He could have stayed at McKinsey. He could have stayed in the lab. Instead he went after the part of robotics nobody bothered to update for forty years.
CO-FOUNDER + CEO // JACOBI ROBOTICS // EMERYVILLE, CA
Walk into a modern factory and you will find robot arms that cost six figures, lifted into place by experts, then handed to a programmer who codes their every move by hand. The hardware is from the future. The software workflow is from the Reagan administration. Max Cao noticed this gap and decided it was a business.
Today he is the co-founder and CEO of Jacobi Robotics, an eighteen-person company headquartered at 4071 Emery Street in Emeryville, California. Jacobi builds AI-first software that plans how a robot arm should move - around obstacles, around people, and around the mathematical dead-ends called singularities that freeze a robot mid-task. The pitch is blunt: what used to take a month of fiddling now takes less than a day.
Cao did not arrive here by accident. He spent years inside UC Berkeley's BAIR Lab, the Berkeley Artificial Intelligence Research group run by Professor Ken Goldberg, writing state-of-the-art algorithms for manipulation and motion planning. Then he did the unusual thing. He took the research out of the building.
The ways most robots are programmed today hasn't really changed since the 1980s.
Before motion planning, before McKinsey, before Berkeley, there was a teenager in Norway building software he could not yet name. In high school, Cao attempted to found a company that, in his own telling, "did essentially what Slack does today." He was simply a few years early - the kind of timing error that tells you more about a person than any success would.
The rocket engine came next. As a student studying engine design, he and a friend decided to build a working prototype at home. They learned quickly. "The road from idea to prototype is long," he said later, and he has been measuring that road ever since.
He grew up in Norway, which he still calls "my favorite place in the world." It gave him mountains and a happy childhood. What it did not give him was an entrepreneurial culture. So he left for the UK to gain a global perspective, earned an MEng in Mechanical Engineering at Imperial College London, and pointed himself toward the place where ideas turn into companies fastest.
At Berkeley he found his people. "At UC Berkeley, we did research at the bleeding edge of the robotics field and developed state-of-the-art algorithms in manipulation and motion planning," he said. His co-founders were in the same lab.
But Cao understood the difference between a paper and a product. Research pushes the frontier of what is possible. Production demands, in his words, "nothing short of perfection." He wanted the second thing. He believes "entrepreneurship is the way to go for a large impact on a short timeframe," and that "if you're going to do it, you should go all the way."
So in 2022, he did.
The company is named after the Jacobian matrix, the tool that maps how a robot's joint movements translate into motion at its hand. Behind it: Carl Jacobi, the 19th-century German mathematician. The name is a quiet signal of who the founders are.
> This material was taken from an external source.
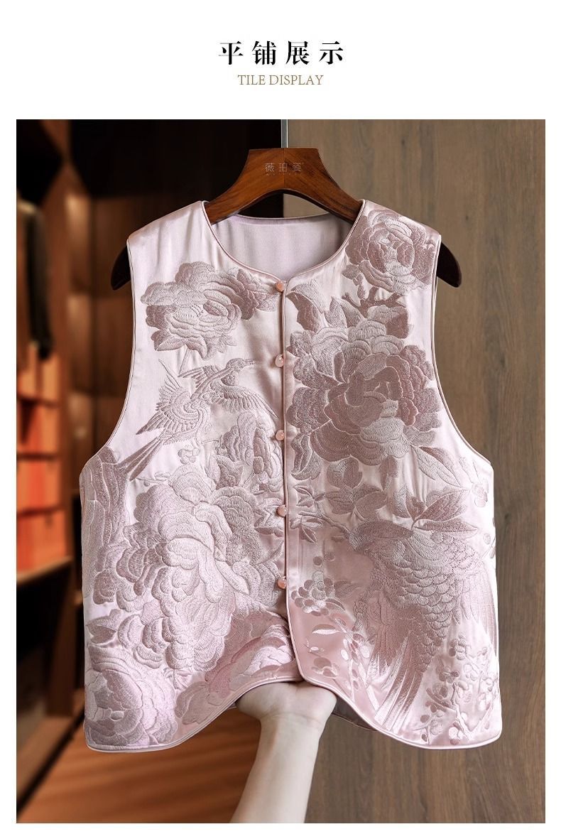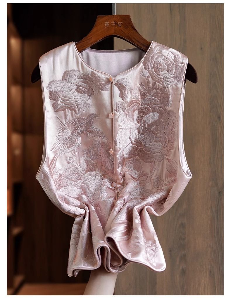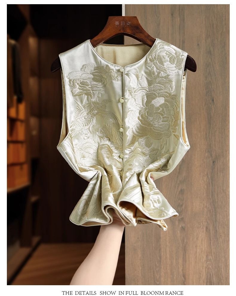 우아한 고급 아세트산 새로운 중국 조끼 여성 승무원 독특하고 세련된 무거운 자수 라이트 Guofeng 탑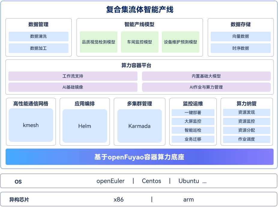 优化路径: 基于openFuyao国产最强算力调度底座,算力,算法,数据三位一体,构建复合集流体智能产线系统。

Singularities are points where a robot arm seizes up and stops moving - a real headache for bin picking, package sorting, and palletizing. Usually a human has to step in and restart. Jacobi's software plans paths that route around them.
Cao co-founded Jacobi with Yahav Avigal, Lars Berscheid, Jeff Ichnowski (now at CMU), and Prof. Ken Goldberg as chief scientist. "Very different personalities," Cao says, "but they are complimentary."
The platform speaks to the major robot arm makers - ABB, Fanuc, Universal Robots, and Yaskawa - so customers are not locked into a single brand of hardware to use it.
Before launch, Jacobi ran deployments with automation firm Formic and an unnamed major consumer electronics company, backed by a roughly $1M pre-seed in early 2023.
In July 2024, Jacobi emerged publicly with a $5M seed led by Moxxie Ventures, joined by Foothill Ventures, Humba Ventures, and The House Fund.
A founder's path rarely runs straight. Cao's bends through three countries, one consulting firm, and a research lab before it lands on a factory floor.
Most founders talk about market size. Cao talks about arms - actual robot arms, doing actual work, in places where automation has never reached. Manufacturing. Warehouses. Construction. Healthcare. Agriculture. He gravitates, he says, toward "archaic industries that have not been disrupted for a very long time" where "technology can actually make a difference."
His measure of success is not a valuation. It is a count.
If the existence of Jacobi leads to 40 million or 400 million robot arms doing useful work beyond these existing use cases, then I will be very happy.
He climbed the Matterhorn. Mountaineering and skiing are his off-hours obsessions. The 14,692-foot peak in Switzerland is one he has actually summited.
Norway is home base. He grew up there and calls it "my favorite place in the world" - even as he notes it lacks Silicon Valley's startup culture.
From Lion King to The Martian. His childhood favorite film was The Lion King. His current favorite is The Martian - a story about engineering your way out of trouble. Fitting.
Next stop: Japan's islands. He recently visited Seoul and dreams of exploring the islands of Japan.